I have read through the thread you linked there once but will read through it again a couple of times, there's a lot of interesting stuff in there, thanks. The final solution for Cambo's pinging seems to have been new cats, with the REM code P1235 being mentioned mid thread, but the discussion of this seemed to trail off somewhat. Although he did replace a lot of stuff along the way including both fuel pumps with the oem jag ones (buckets, pipes and all) which are an eye watering price.

Don,
I looked in the powertrain section of the workshop manual again and can't find any reference to P1235 (P1234 and then P1236 were there, but P1235 isn't !!) I did this by searching the PDF so could have missed something.

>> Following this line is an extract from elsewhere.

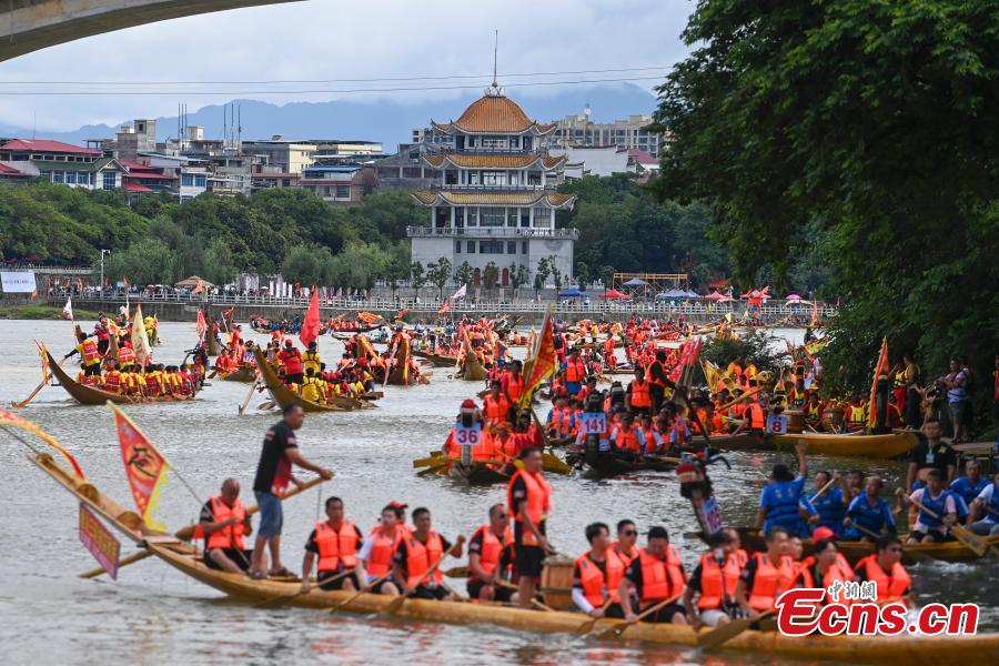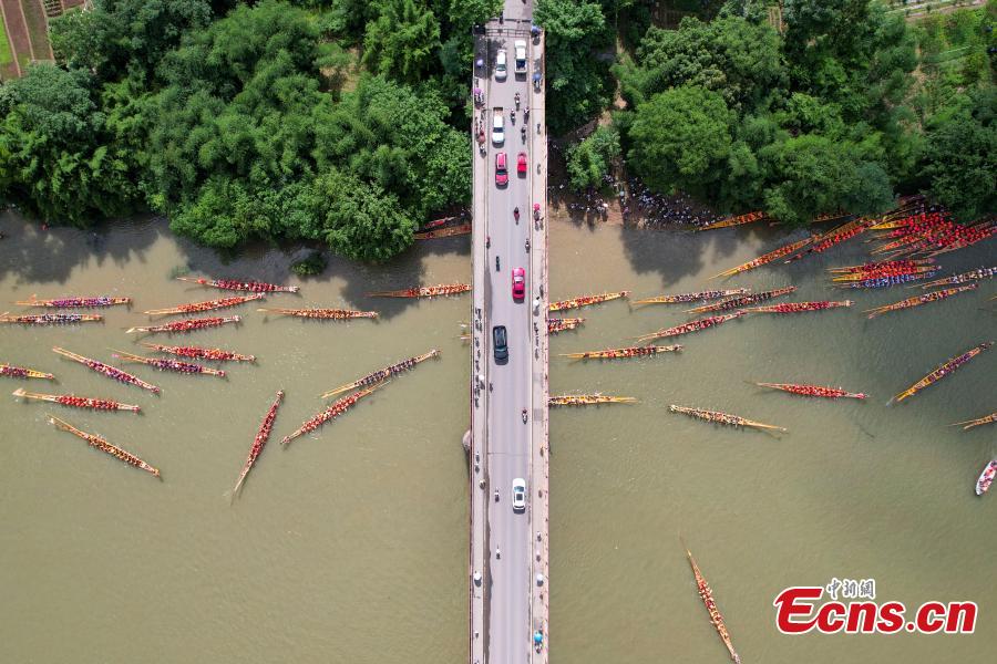 Dragon boats parade on Xiaoshui River to celebrate the upcoming Dragon Boat Festival in Dongxian County of Yongzhou City, central China's Hunan Province, June 2, 2024. (Photo: China News Service/Yang Huafeng)

The bit about P1235 that I put in my recent post was something I found in the electrical section of the manual but there are no pinpoint tests identified that I can find so far that refer to P1235.

I drove for a while today with the scanner showing live figures for fuel level 1 (FL1), fuel level 2 (FL2), pump duty cycle (PDC) & pump duty cycle 2 (PDC2). Driving at around 60mph for about 10 minutes and the figures changed as follows;

FL1 started at 74% and dropped to 80% by the end of the drive, FL2 started at 58% rose gradually to 52%. So fuel level on the right hand side rising and fuel in the left hand side dropping as I drive, that's for certain.

PDC/PDC2 at idle as before 26%/52% (give or take 2 decimal places)
PDC/PDC2 cruising at 60mph 29/58% (give or take 2 decimal places)

When I turned off the engine;
PDC/PDC2 74.9%/0%
This are the same values as when I floored the accelerator in the garage (or maybe very shortly afterwards)

I also looked at live data for the ECM and found one item for the signal from the ECM to the fuel pump(s). It was around 26% at idle, same as PDC on the REM. I cant look at the ECM and REM simultaneously but they seems to be very close or the same. So I'm wondering are PDC/PDC2 the PWM signals to Pump 1 and Pump 2 or is one the signal from the ECM (PDC) and the other (PDC2) the 'doubled' signal from the REM to both pumps?

Looking at Engine Management wiring diagram it shows;
1. a cable from the ECM to the REM (White/Red)
2. two cables from the ECM to FUEL PUMP 2 module, (White/Blue & Yellow)
Two connectors en route in each wire.
So a first step is to check continuity/resistance of these, the connectors to the REM and FUEL PUMP 2 module and associated earths.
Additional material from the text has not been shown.